'Awkwafina is Nora From Queens' doesn't add to its star's current moment

Posted January 21, 2020 10:35 a.m. EST

— Awkwafina has had a pretty terrific run of late, including a Golden Globe-winning role in the understated independent film "The Farewell." While it's easy to see why Comedy Central would jump at the chance to get in business with her, it's less clear how she benefits from "Awkafina is Nora From Queens," a semi-autobiographical series that seems like every other scripted show on the network.

For Comedy Central, the timing represents a bit of a coup, catching a rising star as her film career is taking off, with the more serious part coming amid scene-stealing supporting roles in movies like "Crazy Rich Asians," "Ocean's 8" and "Jumanji: The Next Level." No wonder they ordered a second season even before its premiere.

Despite some funny moments, the show falls into a broad category of TV comedy -- the 20-something slacker, fumbling her way through life in the big city -- that can't help but feel a little stale at this point.

Here, Awkwafina, a.k.a. Nora Lum, is a part-time Uber driver still living with her family.

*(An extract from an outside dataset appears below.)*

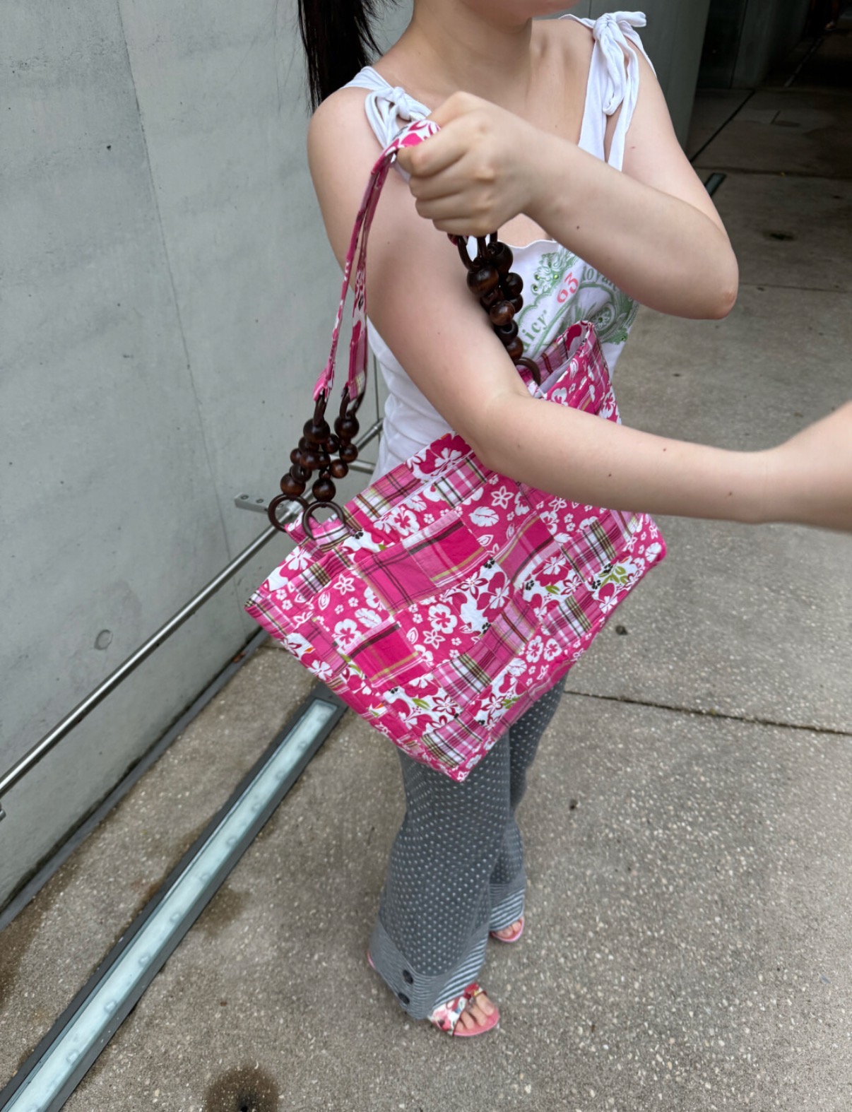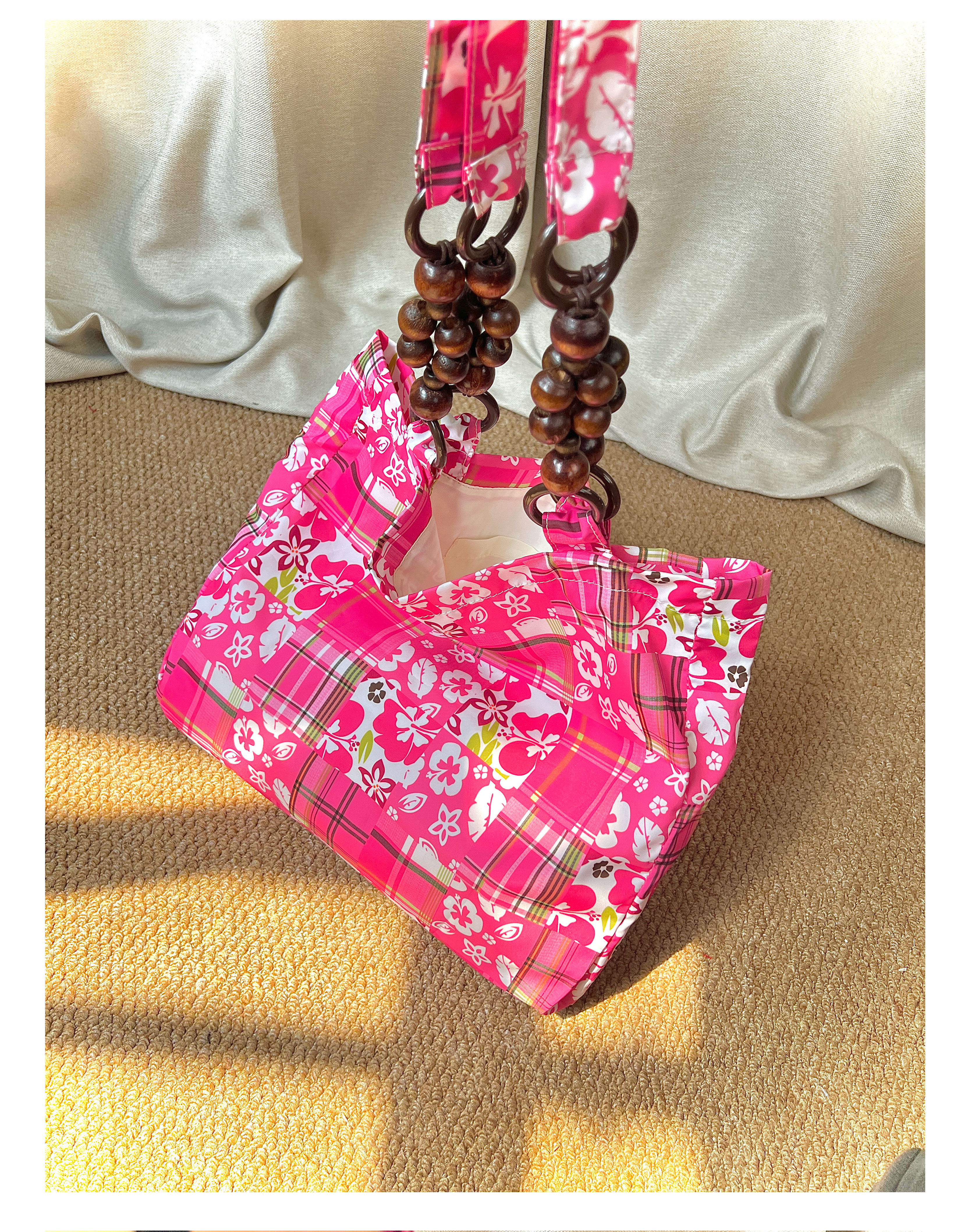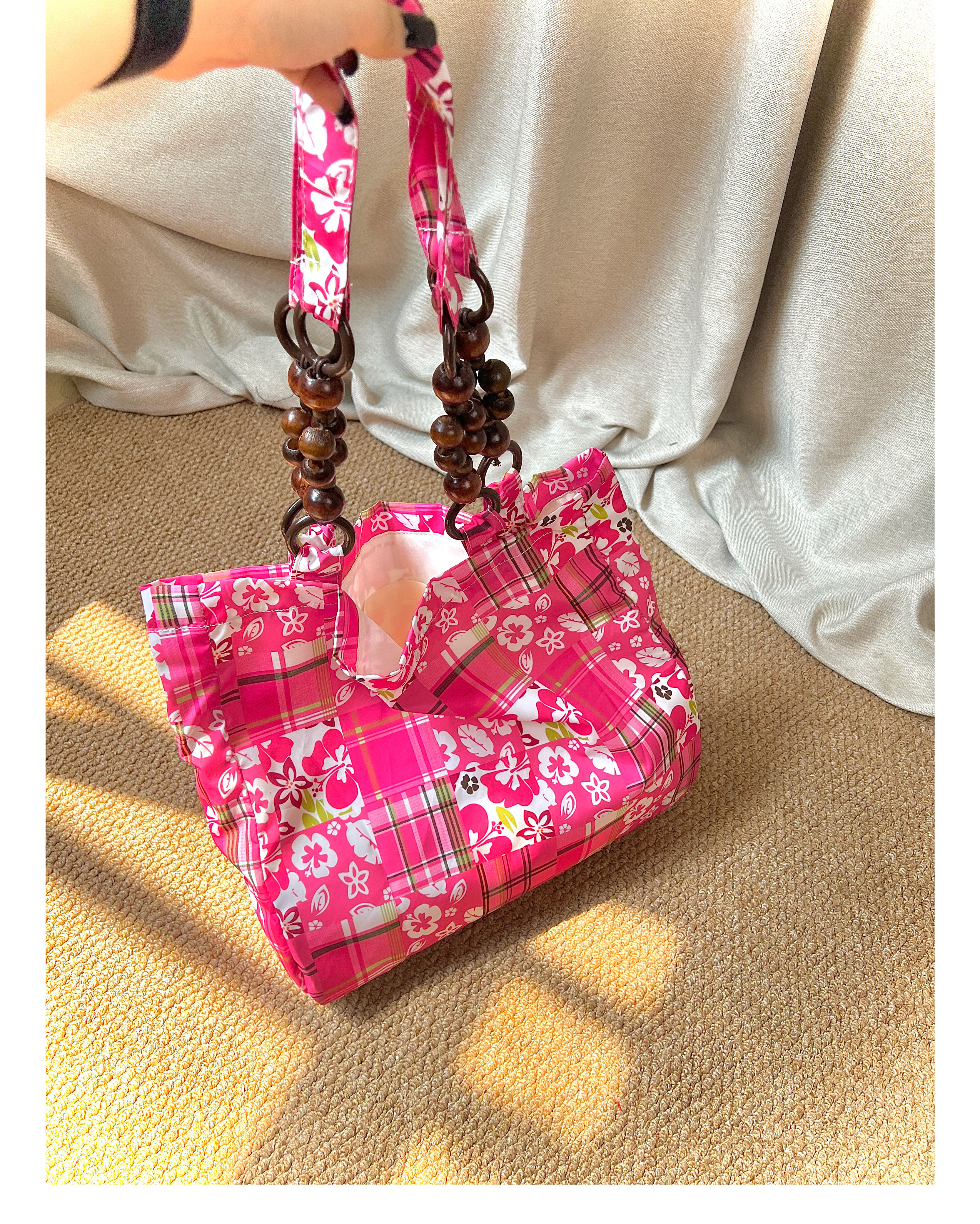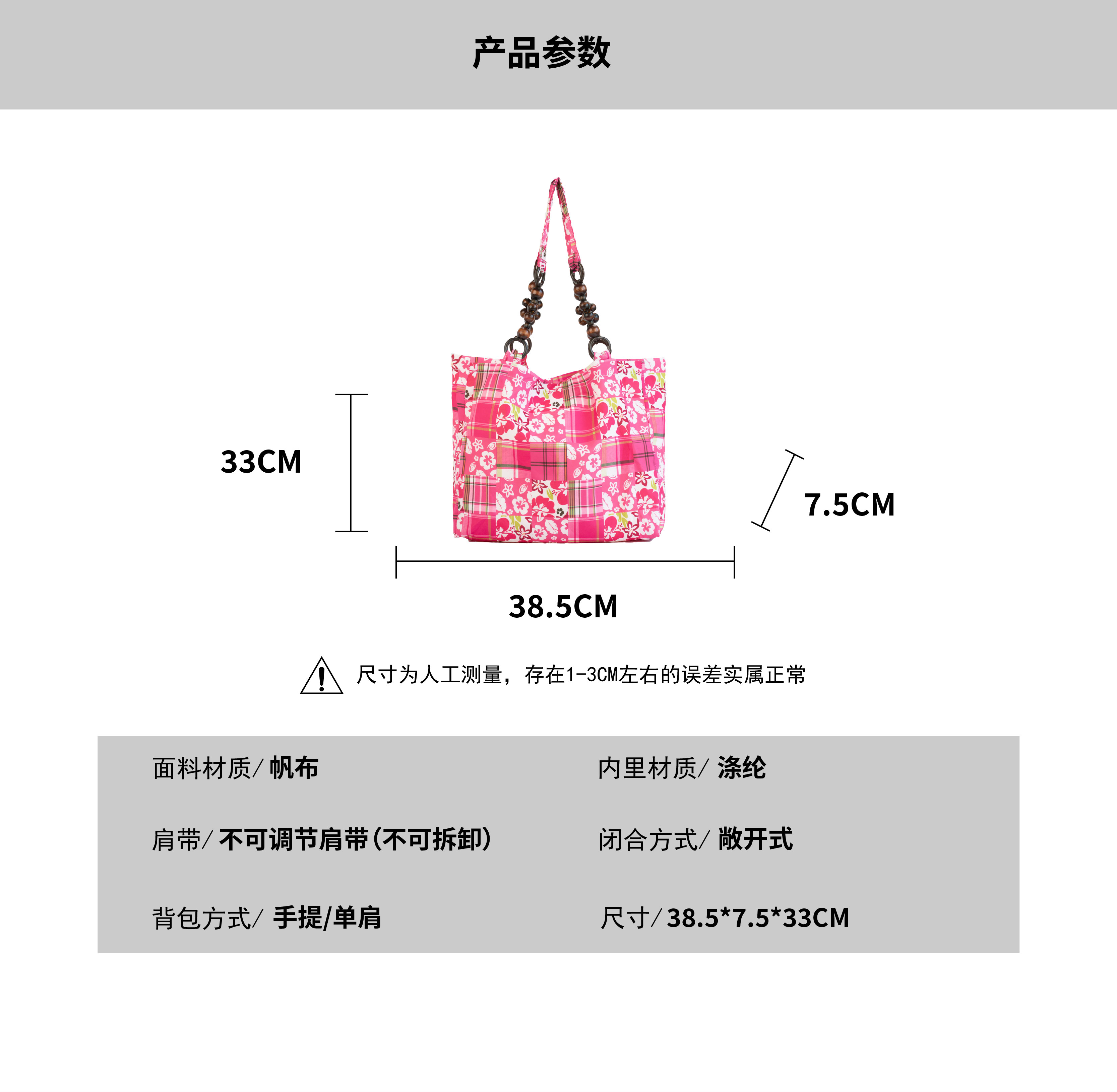 2025 New Autumn Holiday Style Hibiscus Flower Large-Capacity Patchwork Beaded Tote Bag, Trendy Niche Shoulder Bag

Nora turns out to be fairly typical of recent TV contemporaries in her demo -- strapped for money, fond of smoking weed, a little confused, and a whole lot self-absorbed.

What that leaves, mostly, are the occasional funny sequence, peppered with cultural slights and flourishes, like someone telling her, "Your English is so good."

Still, where most semi-autobiographical comedy gains something from looking back -- filtering the exaggerations and creative liberties through the gauzy haze of memory -- having the actress play this fame-free version of herself somehow makes it less convincing.

It doesn't help that the supporting and guest players are so broadly drawn, including Nora's wacky, foul-mouthed grandma (Lori Tan Chinn), cranky dad (BD Wong) and Ivy League grad, app-developing cousin ("Saturday Night Live's" Bowen Yang).

In one episode, grandma drags Nora along on a trip to Atlantic City, where the group of elderly Chinese ladies have what amounts to a turf battle with a equally geriatric Korean group. In another, Nora decides to bleach her hair -- insisting "I'm sick of playing it safe" -- with predictably disastrous results.

And so it goes. It's occasionally droll and clever, in a "Broad City"-ish way. But unless you're really eager to see more of Awkwafina, you'd have to be more motivated than the title character is to muster the energy to set the DVR for "Nora From Queens."

"Awkwafina is Nora From Queens" premieres Jan. 22 at 10:30 p.m. on Comedy Central.